Generally speaking, the bighorn is now a resident of the higher mountains and in summer is found at or above timber line where these wild sheep seek suitable alpine pastures and where broken cliffs serve as a protection against predatory enemies. In winter they seek to avoid soft deep snow for it not only cuts off their food supply but also renders them more liable to attack by predators. However, prevailing winter winds often sweep bare certain high alpine slopes, thereby leaving forage available, which enables some of the bighorns to winter on the mountain tops. It has been our experience in Rocky Mountain National Park that many bighorns still try to descend in winter to the foothills to find food and escape danger from deep snow.


BIGHORNS usually are most active in the early morning, and experience with these animals in Glacier National Park indicates their greatest feeding activity occurs before noon, and often by 10 a. m. or thereabouts they retire to the base of some protecting cliff and bed down. On September 1, 1931, at Glacier National Park, I found that a band of bighorns came down regularly during the night or early morning to a mineral spring near a lake. However, by sunup the band was always back up on the mountain side. This flock consisted of six ewes, six lambs, and two young rams. The lambs were well grown but still nursing.

The feeding habits of the bighorns are peculiar in that a relatively small amount of time is spent in grazing and a relatively large proportion of time is spent in chewing their cuds.
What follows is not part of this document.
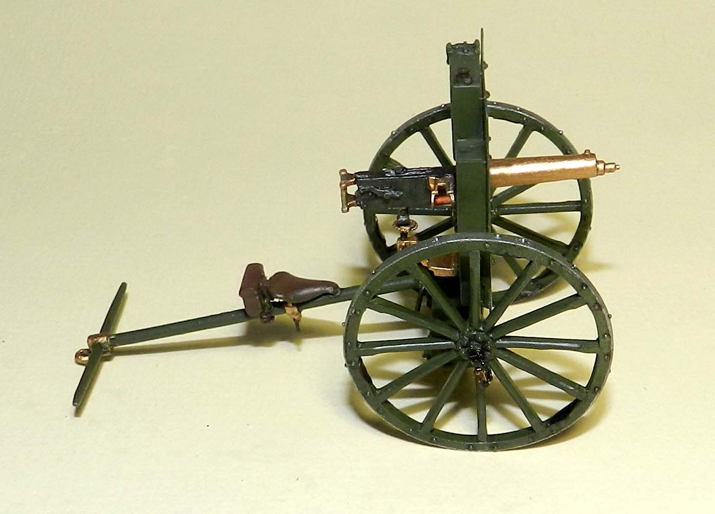 Ланской Олег,Спасибо Олег. Модель отправлена заказчику. Человек создаёт тему артиллерии Порт-Артура. Думаю что стоять будет одиноко на подставке. У же места не хватает.Модель конечно можно было сделать лучше. но уже зрение не то. Да детали мелковаты. А пулемёт с расчётом на позиции был бы хорош конечно. Готовлю статью по этому пулемёту и его модификациям. Интересные вещи нашёл при работе над чертежами.
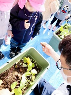 今回収穫をした「さつまいも」は、7月にさくら保育園の子どもたちとガーデンを管理するホロニクスヘルスケア㈱植栽・養蜂管理課の担当者が、苗を植え育てたものです。少し深めのプランター4台が子どもたちのさつまいも畑です。おいも掘りは、昨年に続き2度目です。ひとつ大きく成長した園児たちは、昨年よりも積極的に芋蔓を引き、プランターの中の小さなさつまいもを見つけてはどんどん収穫していました。幼児の手のひらにピッタリサイズのかわいいサツマイモが何十本も収穫されました。歓喜の声とキラキラした目がさくらテラスガーデンに溢れ、「さつまいもがここでできるのね!」と、驚くカフェのお客様もいらっしゃいました。

Usually this latter process is done when the sheep are bedded down, and it has been found that each cud is chewed for about 1 minute. One advantage of this system of feeding is that the animals can gather a large amount of rough herbage in a relatively short time and later during the middle of the day they can thoroughly chew this food at their leisure. How I envy them at my "rush" lunch period!
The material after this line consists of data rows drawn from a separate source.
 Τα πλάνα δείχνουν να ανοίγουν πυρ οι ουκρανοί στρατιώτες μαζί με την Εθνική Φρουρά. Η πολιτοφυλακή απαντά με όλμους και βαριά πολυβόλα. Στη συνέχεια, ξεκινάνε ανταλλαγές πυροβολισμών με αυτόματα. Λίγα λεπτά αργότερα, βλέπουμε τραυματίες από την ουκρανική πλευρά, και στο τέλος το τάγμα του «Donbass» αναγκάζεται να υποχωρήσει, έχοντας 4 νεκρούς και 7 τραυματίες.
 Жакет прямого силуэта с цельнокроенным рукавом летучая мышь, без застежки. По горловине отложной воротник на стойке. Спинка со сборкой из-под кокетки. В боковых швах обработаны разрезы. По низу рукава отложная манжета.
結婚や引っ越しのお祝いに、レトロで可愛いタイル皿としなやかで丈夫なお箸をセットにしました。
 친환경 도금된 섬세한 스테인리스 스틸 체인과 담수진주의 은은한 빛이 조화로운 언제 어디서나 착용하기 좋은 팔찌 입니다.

At Poudre Lake in Rocky Mountain National Park at 2 p. m. on July 6, 1930, I saw a band of 14 Rocky Mountain bighorns and followed them to the upper slopes of Specimen Mountain which is 12,482 feet high. About 4:30 p. m. they resumed feeding on the patches of green turf amid the rock slides. Seeing me, the animals ran rapidly up to the rim and stood on the skyline, but when I quietly withdrew they soon returned to their feeding.
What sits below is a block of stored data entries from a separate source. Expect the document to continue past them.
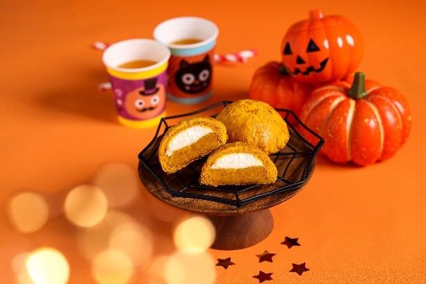 ◆特 長:かぼちゃ餡と乳のコクが味わえるホイップクリームを、サクサクのパイ生地で包みました。
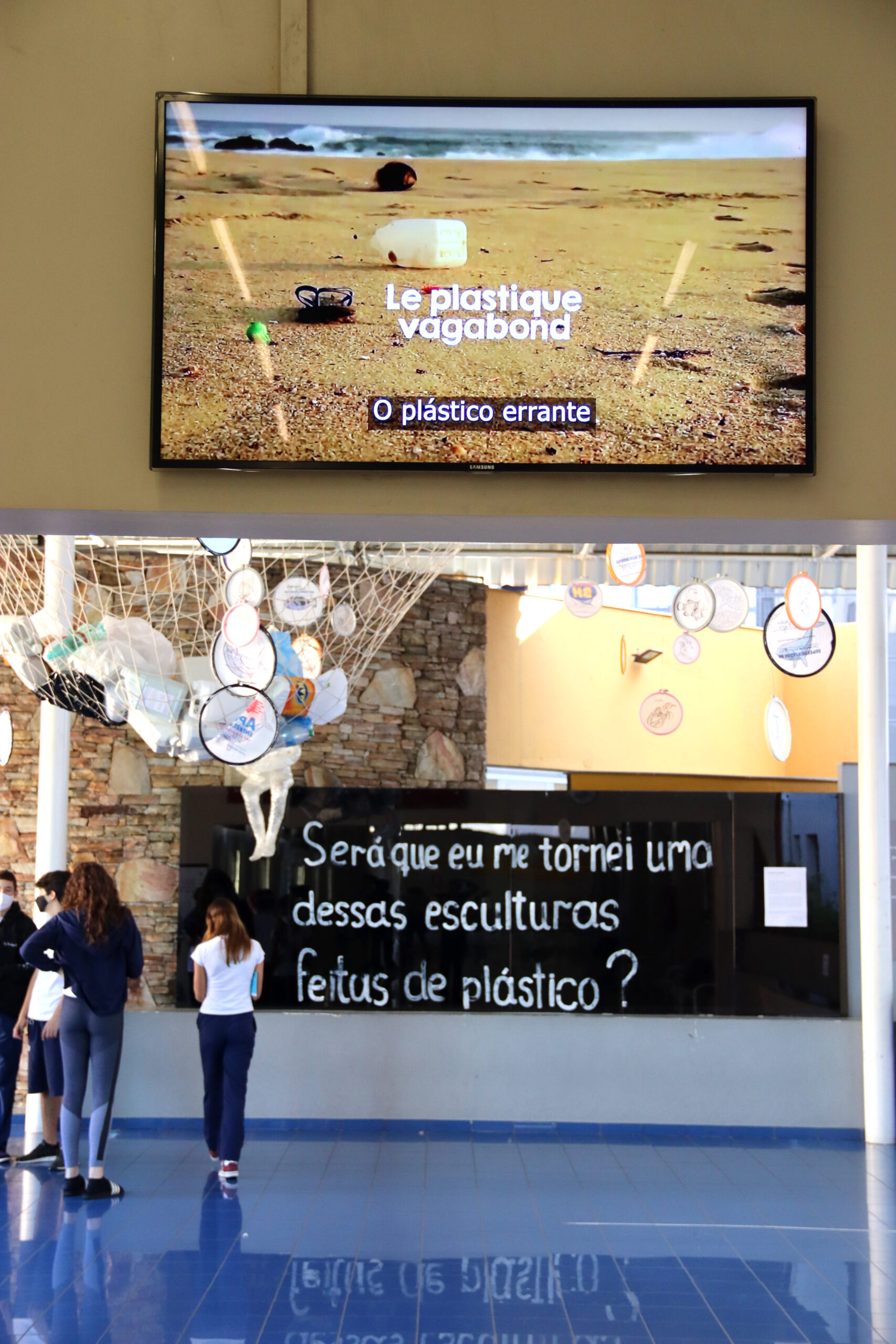 Engajada no projeto desde o início, a estudante Laura Martins ficou responsável por administrar a página no Instagram e pensar junto as demais ações para conscientização. “Promovemos uma gincana entre o 9º EF e a 1ª Série EM a turma que juntou mais plástico produzido em sala ganhou um kit sustentável. Pintamos painéis com duas baleias, fizemos duas estatuas de plástico e desenhos em discos com sacolas plásticas,” conta Laura.
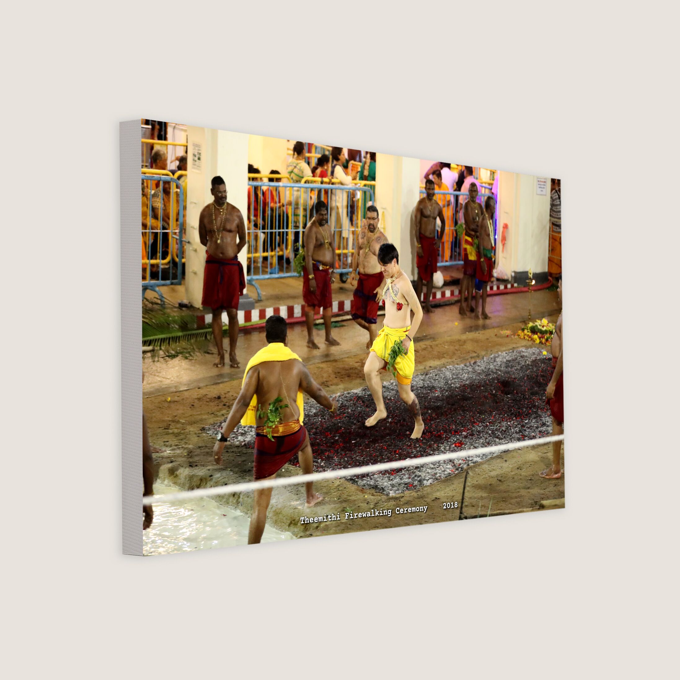 Each year on the Sunday a week before Deepavali, thousands of devotees, with a minority of non-Indians and non-Hindus, take part in a traditional Tamil ceremony. They walk barefoot over burning embers in the Theemithi firewalking ritual at Sri Mariamman Temple as a way of honouring the goddess Draupadi, concluding two months of sacred ceremonies showing deep faith and devotion.

The old rams at certain seasons keep together in a band by themselves and do not run with the females and lambs. At Specimen Mountain in Rocky Mountain National Park one afternoon I counted 28 bighorns—8 lambs of the year and 20 females and yearlings.

One lamb is usually born to a ewe each year, about the first of June, but twins are not infrequent. On Mount Washburn, Yellowstone National Park, on July 5, 1934, a park ranger saw two bighorn lambs, one of which he estimated to be about 2 weeks old and the other slightly older. One of the ewes called to her young, with a bleat similar to that of a domestic sheep but lower in tone.

Numerous instances of hybrids between Rocky Mountain bighorn and domestic sheep have been reported. Actual breeding between bighorn and domestic sheep has been observed. In one instance at least seven hybrid lambs were definitely known to have been born as a result.

J. D. Figgins, formerly Director of the Colorado Museum of Natural History, informed me that some of these hybrids grew up, bred, and were fertile. Domestic sheep not only seriously compete with the bighorns for food but the fact that they interbreed with the wild sheep and that the hybrids are fertile indicates that the relationship is sufficiently close so that parasites or disease might be transmitted from one animal to another and may account for the decrease in the number of bighorns. There is also the real danger of weakening the native bighorn stock through its breeding with the inferior domestic sheep.